Published: 24 April 2009

Abstract

Background

Several studies have determined that dietary intake of B vitamins may be associated with breast cancer risk as a result of interactions between 5,10-methylenetetrahydrofolate reductase (MTHFR) and methionine synthase (MTR) in the one-carbon metabolism pathway. However, the association between B vitamin intake and breast cancer risk in Brazilian women in particular has not yet been investigated.

Methods

A case-control study was conducted in São Paulo, Brazil, with 458 age-matched pairs of Brazilian women. Energy-adjusted intakes of folate, vitamin B6, and vitamin B12 were derived from a validated Food Frequency Questionnaire (FFQ). Genotyping was completed for MTHFR A1298C and C677T, and MTR A2756G polymorphisms. A logistical regression model was used to calculate odds ratios (ORs) and 95% confidence intervals (95% CIs).

Results

Neither dietary intake of folate, vitamin B6, or vitamin B12 nor MTHFR polymorphisms were independently associated with breast cancer risk.

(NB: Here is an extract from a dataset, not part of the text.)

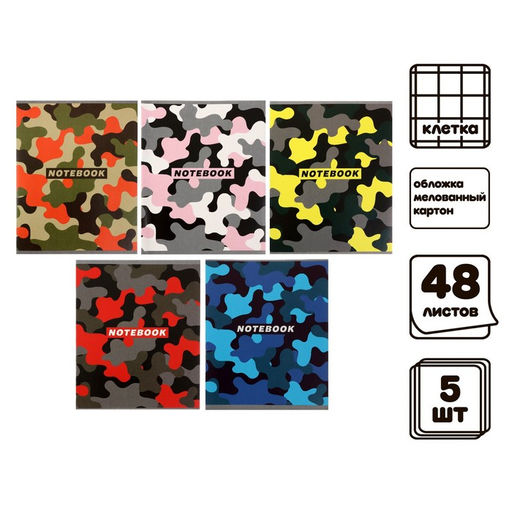 Комплект тетрадей из 5 шт, 48 листов, клетка, Цветной камуфляж, обложка мелованный картон, блок офсет

Analysis stratified by menopausal status showed a significant association between placement in the highest tertile of folate intake and risk of breast cancer in premenopausal women (OR = 2.17, 95% CI: 1.23–3.83; Ptrend = 0.010). The MTR 2756GG genotype was associated with a higher risk of breast cancer than the 2756AA genotype (OR = 1.99, 95% CI = 1.01–3.92; Ptrend = 0.801), and statistically significant interactions with regard to risk were observed between the MTHFR A1298C polymorphism and folate (P = 0.024) or vitamin B6 (P = 0.043), and between the MTHFR C677T polymorphism and folate (P = 0.043) or vitamin B12 (P = 0.022).

Conclusion

MTHFR polymorphisms and dietary intake of folate, vitamin B6, and vitamin B12 had no overall association with breast cancer risk. However, increased risk was observed in total women with the MTR 2756GG genotype and in premenopausal women with high folate intake. These findings, as well as significant interactions between MTHFR polymorphisms and B vitamins, warrant further investigation.